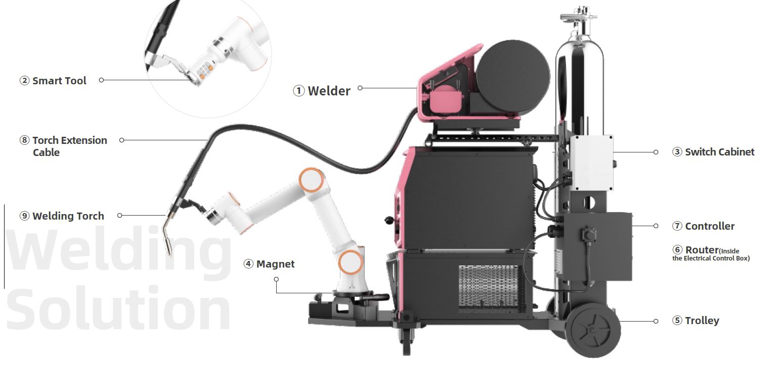 ⑤Trolley – kuljetusvaunut, voidaan siirtää hitsauskohteesta toiseen
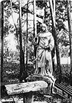 تمثال القديسة مارينا الناسكة (الأب مارين) في حديقة معهد التعليم اللاهوتي البطريركي في فينيسيا، مع ابنها المزعوم على يمينها - الصورة من كتاب حياة وأعمال القديسة مارينا، لـ ليون إليوجي، باريس، 1905.
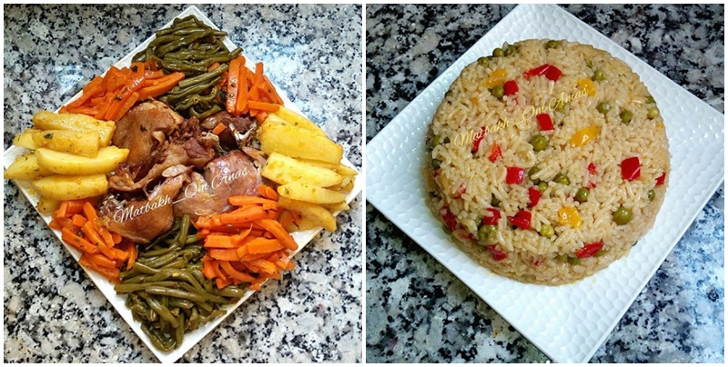 نأخد كمية من الأرز طويل الحبة نغسله و نصفيه ثم نضعه في الماء الذي بقي لنا من عملية تبخار اللحم و نضيف له القليل من الجلبانة و فلفلة ألوان مقطعة مربعات و حبتين هيل و حبتين قرنفل و شووية من توابل المروزية ثم تقفل عليه و نتركه يطهى و يجف من الماء و تقدمه مع باقي الاطباق.. و بالصحة
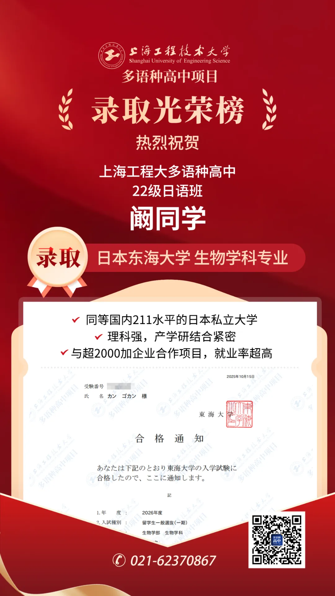 近日,上海工程技術大學多語種高中項目頻頻收到來自日本的好消息!闞同學與李同學作為我校22級畢業生,赴日后僅半年不到便收獲大學錄取Offer,為升學之路交出亮眼答卷!
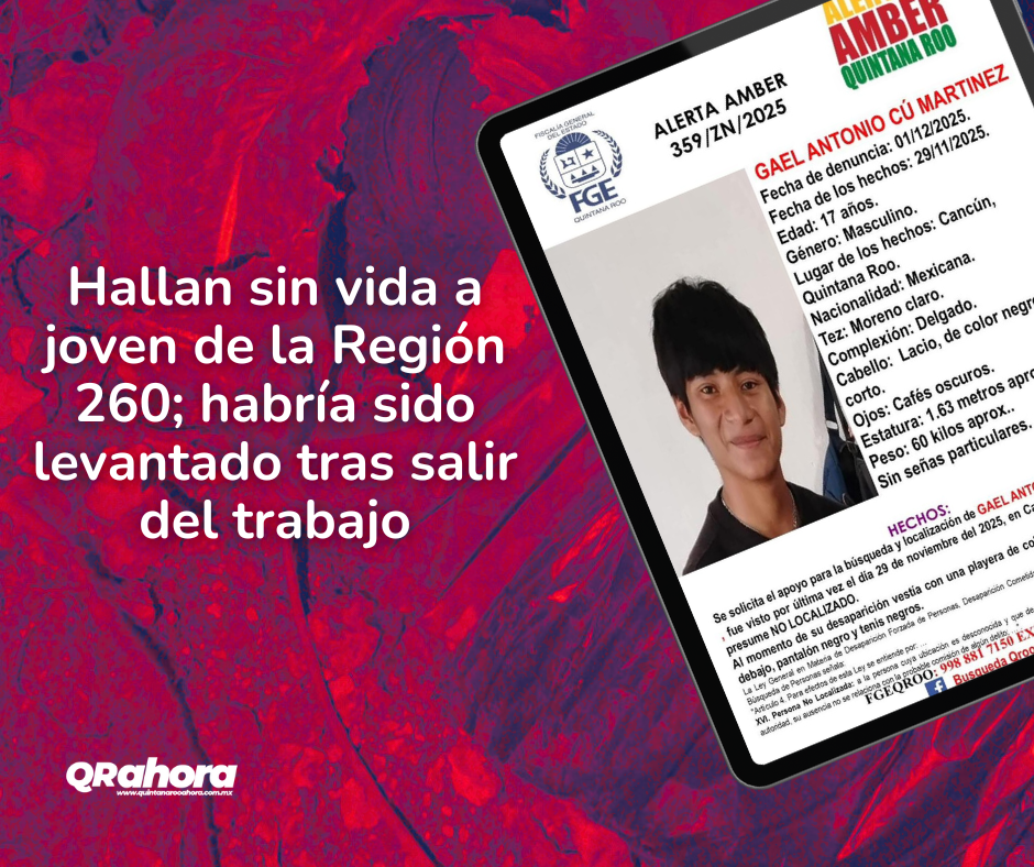 De manera preliminar, la víctima fue identificada como Gael Antonio Cú Martínez, un muchacho que apenas alcanzaba la mayoría de edad y cuya ausencia había activado una Alerta Amber. Su rastro se perdió de forma abrupta, y versiones extraoficiales señalan que habría sido privado de la libertad por sujetos vinculados a la delincuencia organizada que opera en Cancún.
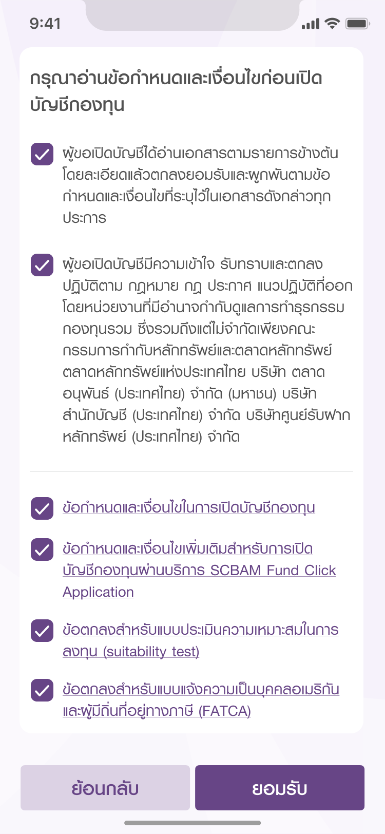 - อ่านเงื่อนไขกด “ยอมรับ” ให้ครบทุกกองทุน
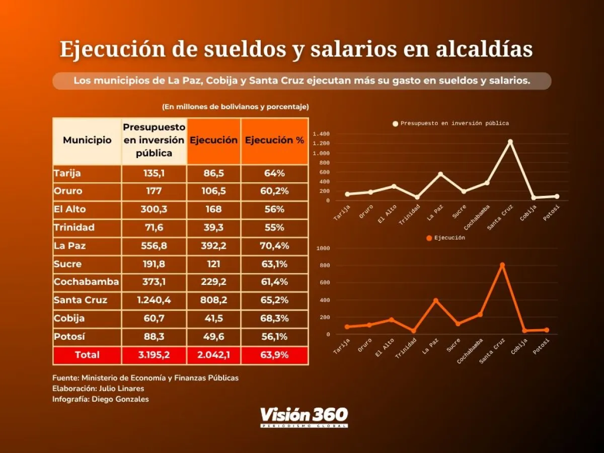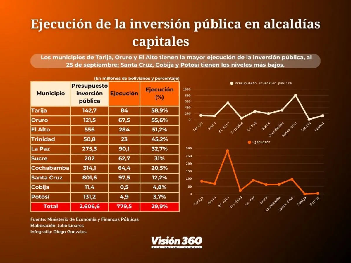 Hasta el 25 de septiembre, las alcaldías de Tarija, Oruro y El Alto presentan la mayor ejecución de la inversión pública programada para el año, mientras que las de Santa Cruz, Cobija y Potosí tienen el peor desempeño, según datos del Ministerio de Economía, analizados por el economista Julio Linares.
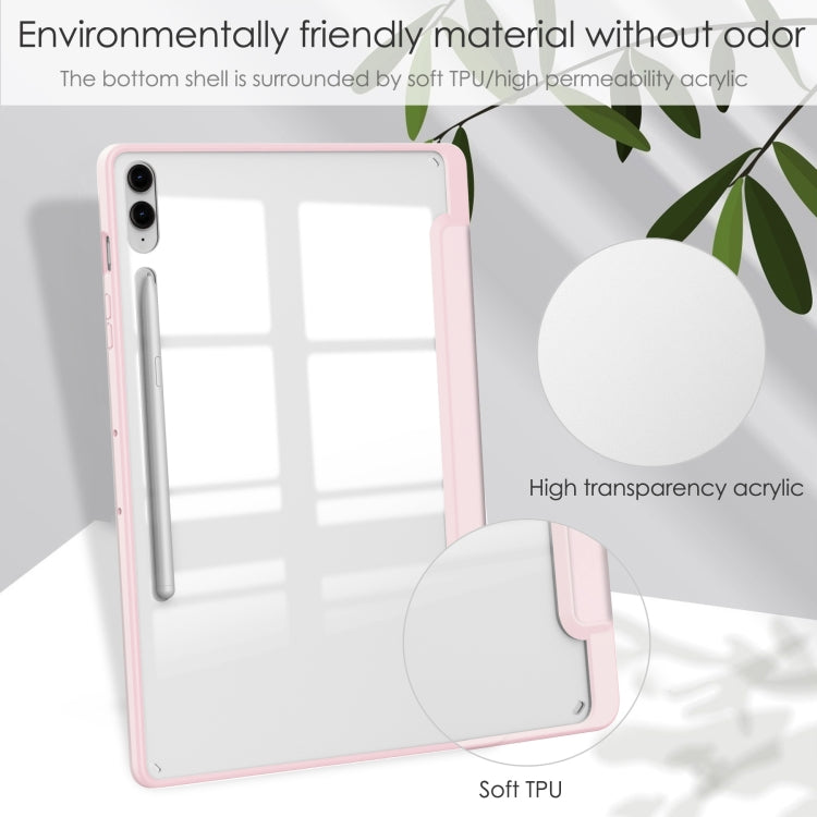 For Samsung Galaxy Tab S9 FE+ / S10+ Acrylic 3-folding Smart Leather Tablet Case with Pen Slot(Pink)
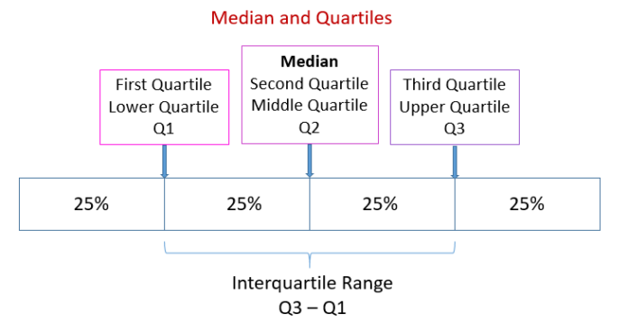 Sedangkan menurut Bowerman dan O’Connell (2018), quartile adalah nilai yang membagi data menjadi empat bagian yang sama besar. Quartile pertama (Q1) adalah nilai tengah dari data yang terletak di bawah median. Quartile kedua (Q2) adalah median dari data. Quartile ketiga (Q3) adalah nilai tengah dari data yang terletak di atas median. Quartile keempat (Q4) adalah nilai maksimum dari data.
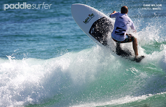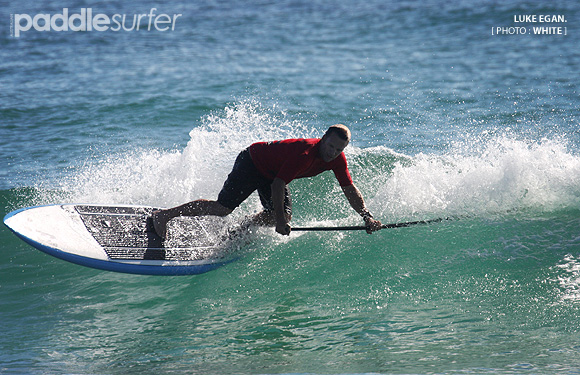 Former ASP World Tour competitor Luke Egan (Coolangatta, Qld) was at his powerful best this morning, throwing plenty of backhand spray on his SUP to easily beat Geoff Breen (Noosa).

ASSIGNED TASK: Instructions for the listing above: set down every entry exactly and drop any image.

THE ANSWER:
 ⑤Trolley – kuljetusvaunut, voidaan siirtää hitsauskohteesta toiseen
 تمثال القديسة مارينا الناسكة (الأب مارين) في حديقة معهد التعليم اللاهوتي البطريركي في فينيسيا، مع ابنها المزعوم على يمينها - الصورة من كتاب حياة وأعمال القديسة مارينا، لـ ليون إليوجي، باريس، 1905.
 نأخد كمية من الأرز طويل الحبة نغسله و نصفيه ثم نضعه في الماء الذي بقي لنا من عملية تبخار اللحم و نضيف له القليل من الجلبانة و فلفلة ألوان مقطعة مربعات و حبتين هيل و حبتين قرنفل و شووية من توابل المروزية ثم تقفل عليه و نتركه يطهى و يجف من الماء و تقدمه مع باقي الاطباق.. و بالصحة
 近日,上海工程技術大學多語種高中項目頻頻收到來自日本的好消息!闞同學與李同學作為我校22級畢業生,赴日后僅半年不到便收獲大學錄取Offer,為升學之路交出亮眼答卷!
 De manera preliminar, la víctima fue identificada como Gael Antonio Cú Martínez, un muchacho que apenas alcanzaba la mayoría de edad y cuya ausencia había activado una Alerta Amber. Su rastro se perdió de forma abrupta, y versiones extraoficiales señalan que habría sido privado de la libertad por sujetos vinculados a la delincuencia organizada que opera en Cancún.
 - อ่านเงื่อนไขกด “ยอมรับ” ให้ครบทุกกองทุน
 Hasta el 25 de septiembre, las alcaldías de Tarija, Oruro y El Alto presentan la mayor ejecución de la inversión pública programada para el año, mientras que las de Santa Cruz, Cobija y Potosí tienen el peor desempeño, según datos del Ministerio de Economía, analizados por el economista Julio Linares.
 For Samsung Galaxy Tab S9 FE+ / S10+ Acrylic 3-folding Smart Leather Tablet Case with Pen Slot(Pink)
 Sedangkan menurut Bowerman dan O’Connell (2018), quartile adalah nilai yang membagi data menjadi empat bagian yang sama besar. Quartile pertama (Q1) adalah nilai tengah dari data yang terletak di bawah median. Quartile kedua (Q2) adalah median dari data. Quartile ketiga (Q3) adalah nilai tengah dari data yang terletak di atas median. Quartile keempat (Q4) adalah nilai maksimum dari data.
 Former ASP World Tour competitor Luke Egan (Coolangatta, Qld) was at his powerful best this morning, throwing plenty of backhand spray on his SUP to easily beat Geoff Breen (Noosa).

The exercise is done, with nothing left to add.